Hallam is located at (40.003897, -76.604528). It is a suburb of York and is part of the York-Hanover Metropolitan Statistical Area, as well as the York-Hanover-Gettysburg Combined Statistical Area.

According to the United States Census Bureau, the borough has a total area of 0.7 sqmi, all land.

Hallam is located within the Kreutz Creek watershed.

===Climate===
Hallam lies on the cusp of a humid subtropical climate zone and experiences four discernible seasons. It receives an average of 43 in of precipitation each year, with the wettest month being June. In January 1994, Hallam experienced its lowest recorded temperature at -21 °F, while the hottest temperature on record was 105 °F in July 1936.
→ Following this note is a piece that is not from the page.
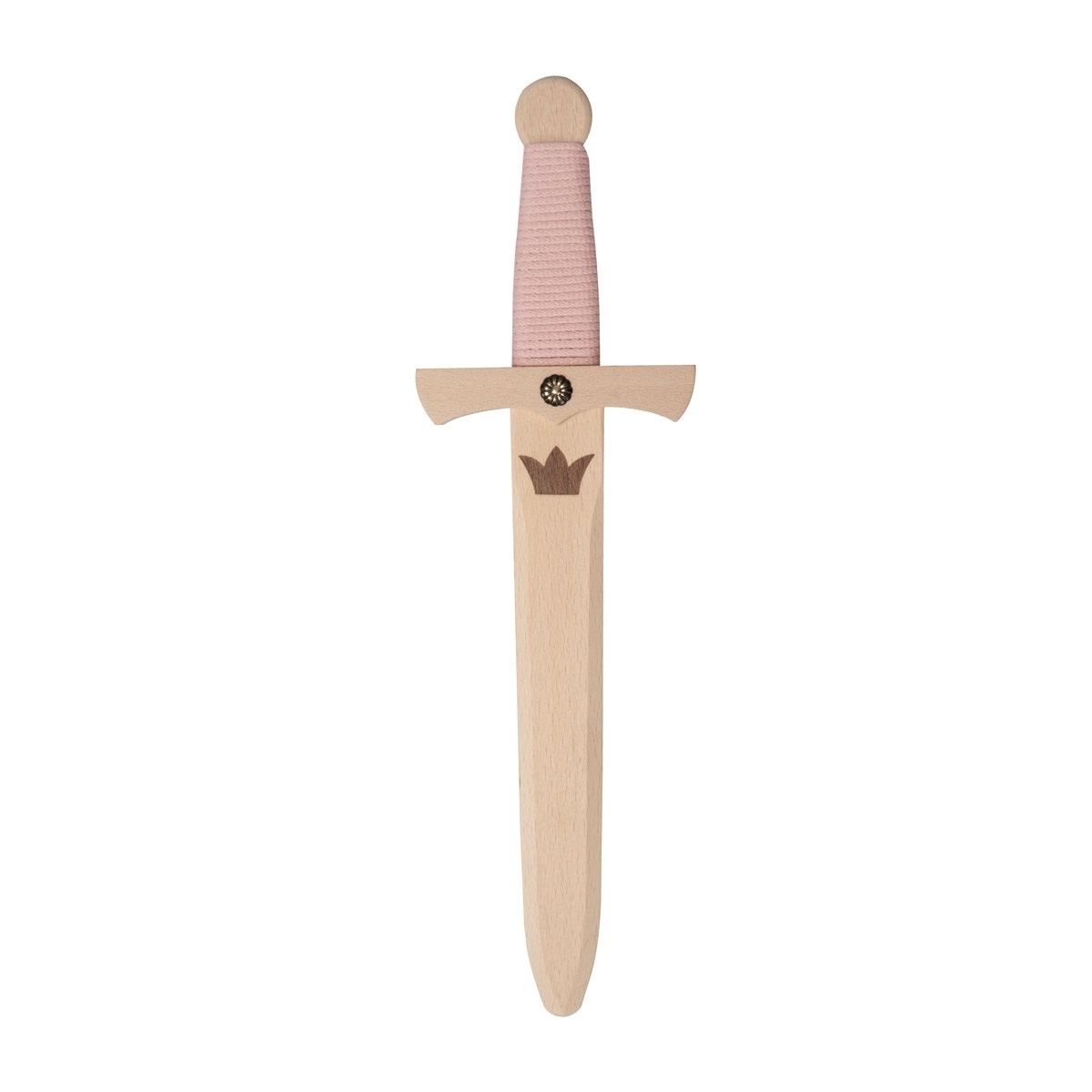 Pink princess dagger made of solid beech wood. With this wooden dagger toy, your princess has a knife to defend herself from any attack from black knights. This is an addition that makes the dress up outfit for your little princess perfect.

Climate data for Hallam, PA
| Month | Jan | Feb | Mar | Apr | May | Jun | Jul | Aug | Sep | Oct | Nov | Dec | Year |
| Mean daily maximum °F (°C) | 39 (4) | 43 (6) | 53 (12) | 65 (18) | 75 (24) | 83 (28) | 87 (31) | 85 (29) | 78 (26) | 67 (19) | 54 (12) | 43 (6) | 64 (18) |
| Mean daily minimum °F (°C) | 21 (−6) | 23 (−5) | 31 (−1) | 39 (4) | 49 (9) | 58 (14) | 63 (17) | 61 (16) | 54 (12) | 42 (6) | 34 (1) | 26 (−3) | 42 (5) |
| Average precipitation inches (mm) | 3.44 (87) | 2.77 (70) | 3.65 (93) | 3.52 (89) | 4.26 (108) | 4.31 (109) | 3.75 (95) | 3.33 (85) | 4.1 (100) | 3.16 (80) | 3.47 (88) | 3.24 (82) | 43 (1,086) |
Source: The Weather Channel

==Demographics==

As of the census of 2000, there were 1,532 people, 667 households, and 450 families residing in the borough. The population density was 2,182.5 PD/sqmi. There were 713 housing units at an average density of 1,015.7 /sqmi. The racial makeup of the borough was 96.21% White, 1.31% African American, 0.39% Native American, 0.59% Asian, 0.85% from other races, and 0.65% from two or more races. Hispanic or Latino of any race were 1.31% of the population.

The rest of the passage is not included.